ZX-25Rの開発時からZX-4Rの構想はありました
ZX-25Rを開発している時から400cc化の構想はありました。具体的に動き始めたのはZX-25 Rが発売されて、250ccの4気筒が受け入れられそうだなという手応えをつかんできてから400ccも本格的に始めようか、という話になりました。
開発陣としては400ccもやりたいと、ずっと念頭において開発してきましたが、ある程度の需要が見込めないと企画が難しかったですね。ですので、ZX-25Rの結果とNinja 400がよく受け入れられていて、市場が活性化していることが後押しになりました。
また、Ninja 400という2気筒のモデルが主力として存在していたので、400ccの市場はNinja 400に注力していたというのがあります。少し時間が経過して400ccの市場に新しい機種を投入しようということになりました。ZX-25Rから遅れて発売されたのは、戦略上の時間軸も影響していますね。(ZX-4R/ZX-4RR開発責任者・成岡翔平氏)

ZX-4R/ZX-4RR開発責任者の成岡翔平氏はZX-25Rの開発にも携わった人物だ。

ZX-25R SE [KAWASAKI] 2020年に発売された250ccの4気筒モデル。ホーネットやバリオスIIが絶版になって10年以上経ってから発売されて驚きとともに大いに話題になった。

ZX-4RR [KAWASAKI] フレームはZX-25Rと同一。エンジンはミッションとクランクケース(一部加工が異なる)も共通。ZX-25Rがオーバースペックの豪華装備だったようだ。
エンジンパワーには余力があります
前回のZXR400から30年以上経過していますので、その59PSを基準にすると大幅なパワーアップに見えると思います。例えばZX-10Rですと少しずつパワーアップしていますので、いきなり飛んで77PSが出たように見えると思いますが無理なく出ています。
ZX-4Rは元々アジア市場を目指して開発したものではありますが、意外にアメリカ市場でも好評です。アンダーパワーで物足りないという話になるかと思ったのですが、「十分これで面白い」と楽しんでもらっています。
現状ZX-4Rのレースベース車は考えていませんが、出したらどのくらいパワーに伸びしろがあるのか楽しみではありますね。(ZX-4R/ZX-4RR開発責任者・成岡翔平氏)

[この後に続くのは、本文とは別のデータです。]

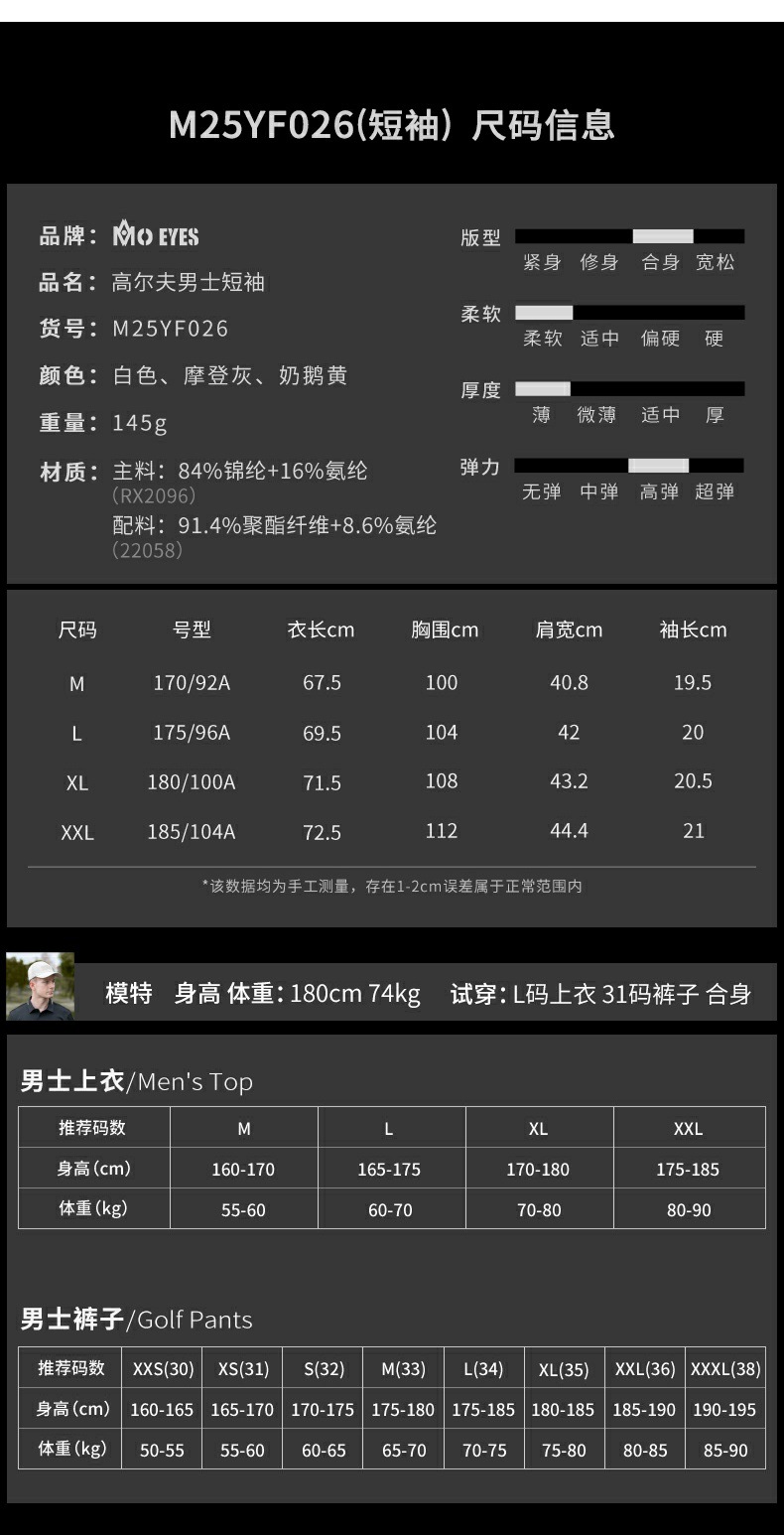 MO EYES 매직 아이 골프 의류 남성 봄과 여름 반팔 티셔츠 운동복 통기성 탑 폴로 셔츠
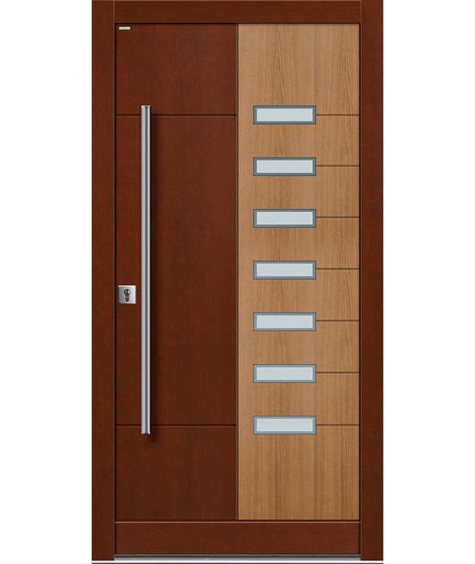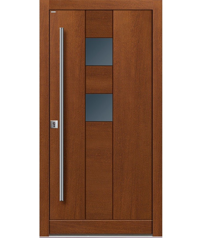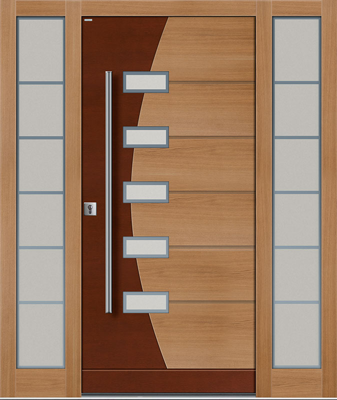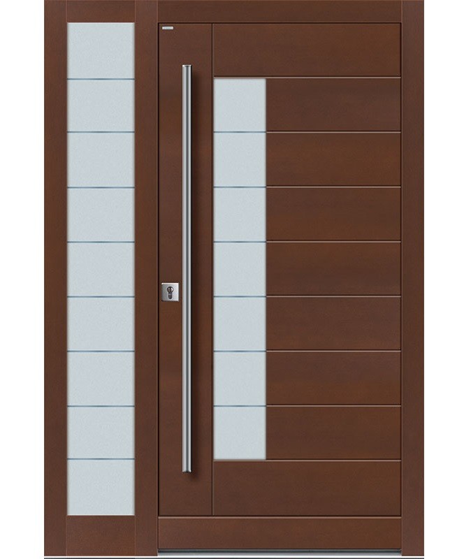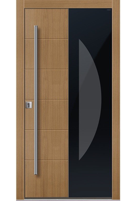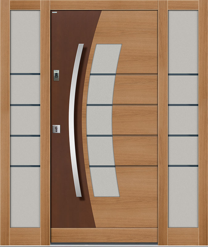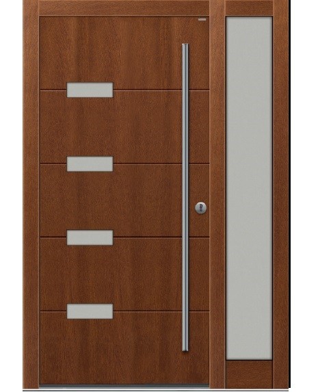 Drzwi zewnętrzne Top Design GLASS to klasyka elegancji i wysoka jakość. Innowacyjne połączenie płaszczyzn drewna i szkła nadaje niepowtarzalny wygląd kolekcji Top Design GLASS. Naturalne drewno połączone ze szkłem, z uwzględnieniem odpowiednich proporcji wielkości i kształtu przeszkleń, to efektowne połączenie dla osób lubiących eleganckie rozwiązania. Wzornictwo, dobrana kolorystyka oraz materiał, z jakiego wykonane są ekskluzywne drzwi wejściowe do domu Top Design GLASS, nadają im indywidualny i niepowtarzalny charakter.

ZXR400R(1989年) [KAWASAKI] レーサーレプリカブームから一歩引いていたカワサキが投入した400レプリカ。当時は馬力規制があり59PSだった。全日本でもタイトルを獲得した。
新開発の400cc4気筒エンジンでバリエーションモデルも展開したい
せっかく新開発のエンジンを起こしましたので、ZX-4Rの受けが良ければ、違うバリエーションを作っていきたいなと思います。どんなモデルを出すかは市場の動向を見ながらということになりますね。
もちろん、日本市場だけでは難しいものがあります。ZX-4Rも日本だけでは開発できなかったのですが、世界で400ccのマーケットが広がっていることがプラスになりました。他の国からもどういうモデルが欲しいかをヒアリングしながら考えていく流れですね。
少し前まで400ccは海外では積極的には出していなくてほぼ日本専用でした。それが250ccが受け入れられて、それでももう少しパワーが欲しいというお客様もいらっしゃったので、600ccまでいくとちょっと行き過ぎという層を狙う入門モデルとして海外では評価されています。今では400ccは海外でも受け入れられていますね。(ZX-4R/ZX-4RR開発責任者・成岡翔平氏)

ELIMINATOR [KAWASAKI] Ninja 400のエンジンを使って登場したバリエーションモデル。他にもネイキッドのZ400もあるが、ZX-4Rではどんな展開が見られるだろうか?

XANTHUS(1992年) [KAWASAKI] ZXR400のバリエーションモデル。ゼファーやZRX系とは異なるパフォーマンス重視のネイキッドで現在のストリートファイターの走りだった。